Funaná em crescimento
Tendo em conta a mescla cultural da Lisboa, cada vez mais crioula, a banda não tem dúvidas que a música de Cabo Verde tem hoje um espaço importante na capital portuguesa. “A música de Cabo Verde conquistou um espaço cada vez mais sólido e necessário entre os demais estilos de música em Lisboa. O funaná não é excepção: tem vindo a crescer e a ter mais ouvintes, e mais projetos associados a este estilo de música.

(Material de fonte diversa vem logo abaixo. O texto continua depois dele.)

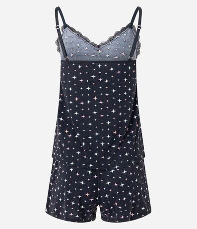 Ref: Conjunto fresquinho de pijama confeccionado em microfibra. São duas peças: blusa com alcinha regulável e detalhe de renda no decote; e short com cintura elástica. Tudo estampado de sparkles.
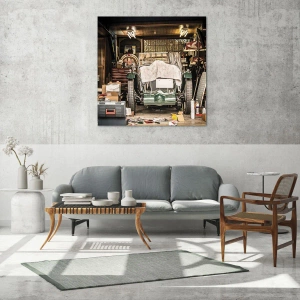 Impression sur verre - Image sur verre - Garage vintage avec une voiture recouverte d'un tissu, entourée d'outils et de boîtes - 100x70cm - Retour vers le passé - Décoration murale moderne pour le salon et la chambre ARTTOR
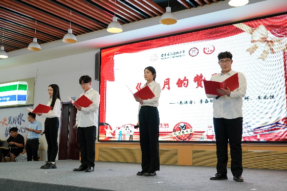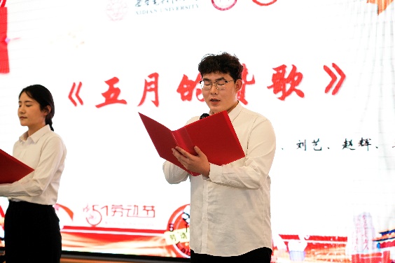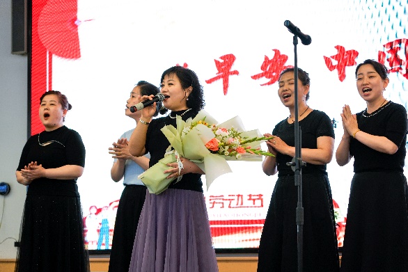 奋斗托举明天,劳动创造未来。人文学子带来原创朗诵《五月的赞歌》:“那是劳动的力量,排山倒海、气势如虹;是劳动者的微光,凡人之躯、照亮时代”,同学们深情讲述了在公司党委和后勤党委共建“美好食光”劳动教育实践基地的实践活动经历,讴歌了公司后勤一线服务人员的辛勤与付出,并用献花的形式为劳动者代表献上敬意与祝福。同时,公司后勤一线服务人员们也从幕后走到台前,唱响时代劳动者的赞歌,公寓服务中心张艳玲等9位员工带来歌曲《早安中国》,展现了劳动者们的辛勤劳动和无私奉献精神;竹园二层餐厅经理祁向伟带来乐器电吹管演奏《我是一条小河》,藏族舞蹈和歌翩翩,展现了劳动者的力量与美感。公司后勤一线服务人员与公司“时代之声”研究生宣讲团成员、best365足球官网劳动教育实践基地员工代表共同朗诵和公司老员工艺术团舞蹈团带来的舞蹈《中国梦,劳动美》将活动再次推向高潮,表达着对劳动者的崇高敬意。
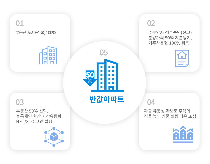 - 정부승인 분양가의 50%에 공급하며, 수분양자는 소유권(토지+건물) 50%를 지분 등기소유 하되 거주사용권은 100% 취득합니다.
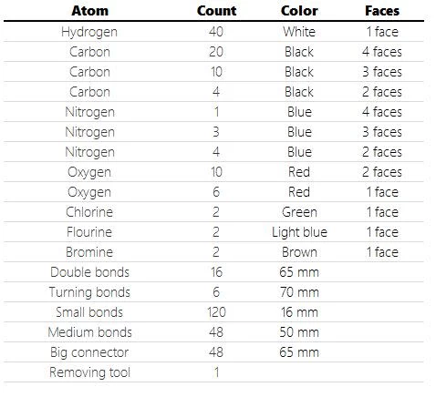 [40] Hydrogen (White, 1 face), [20] Carbon (Black, 4 faces), [10] Carbon (Black, 3 faces), [4] Carbon (Black, 2 faces), [1] Nitrogen (Blue, 4 faces), [3] Nitrogen (Blue, 3 faces), [4] Nitrogen (Blue, 2 faces), [10] Oxygen (Red, 2 faces), [6] Oxygen (Red, 1 face), [2] Chlorine (Green, 1 face), [2] Flourine (Light blue, 1 face), [2] Bromine (Brown, 1 face), [16] Double bonds (65 mm), [6] Turning bonds (70 mm), [120] Small bonds (16 mm), [48] Medium bonds (50 mm), [48] Big connector (65 mm), [1] Removing tool
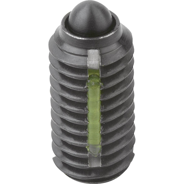 Spring Plunger Intensified Spring Force, Long-Lok D=M12 L=22, Steel, Comp:Pin Steel, Pu=5
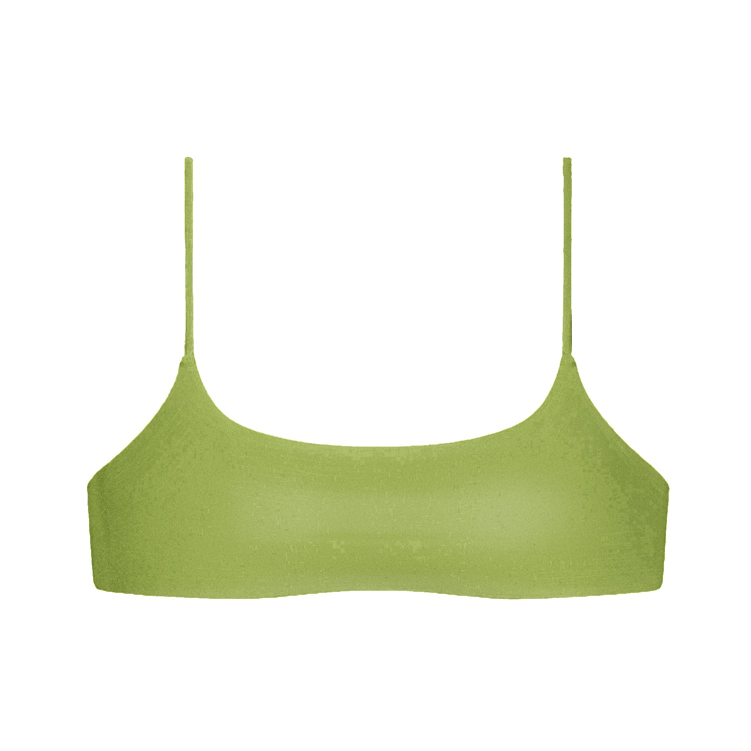 The Muse Scoop Bikini Top is a classic staple bikini top featuring slim straps and minimal back coverage.
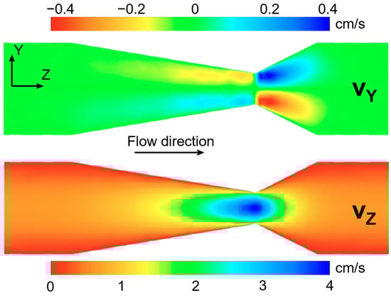 Simulation results of foam flow through the pipe constriction using a Herschel–Bulkley fluid viscosity model, a foam quality of 0.75, and a flow rate of 0.0009 L/s. The bulk flow direction is from left to right. The figure on top shows the results for the Y-component of velocity, and the figure on bottom shows the results for the Z-component of velocity.
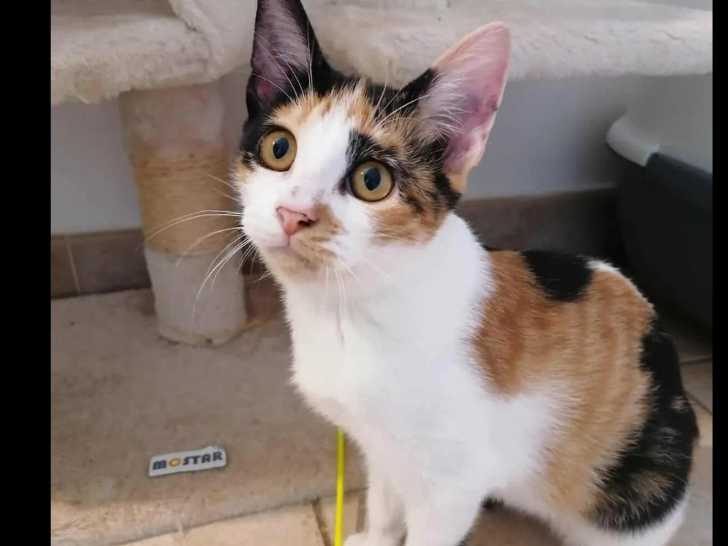 Nous mettons disponible à l'adoption Maya, une chatonne à la fourrure tricolore de quatre mois. Elle est sociable avec les autres animaux de compagnie.

É muito bom sentir que podemos estar a contribuir para esse crescimento”, afirma Márcio Silva.
Devido a esse “renascimento/crescimento”, artistas que já não estavam a tocar e a fazer tournées, como os Tubarões voltaram à estrada, e o grupo congratula-se de os poder ver novo. “Isso, para nós é maravilhoso, até porque sentimos que talvez tenhamos contribuído para isso, também”, afirma João Gomes. “Nha Cutelo”, que dá nome ao EP lançado em Junho, “M´bem di fora” e “E si propi” são alguns dos covers de funaná que estão a conquistar o público português ainda que numa versão mais “psicadélica”.
Depois de conquistar Portugal, o grupo sonha agora trazer o funaná psicadélico dos “Fogo Fogo” para Cabo Verde e conhecer de perto as raízes desse estilo que abraçaram, em Santiago, e quem sabe recolher novas experiências e que possam servir de inspiração para futuros projectos.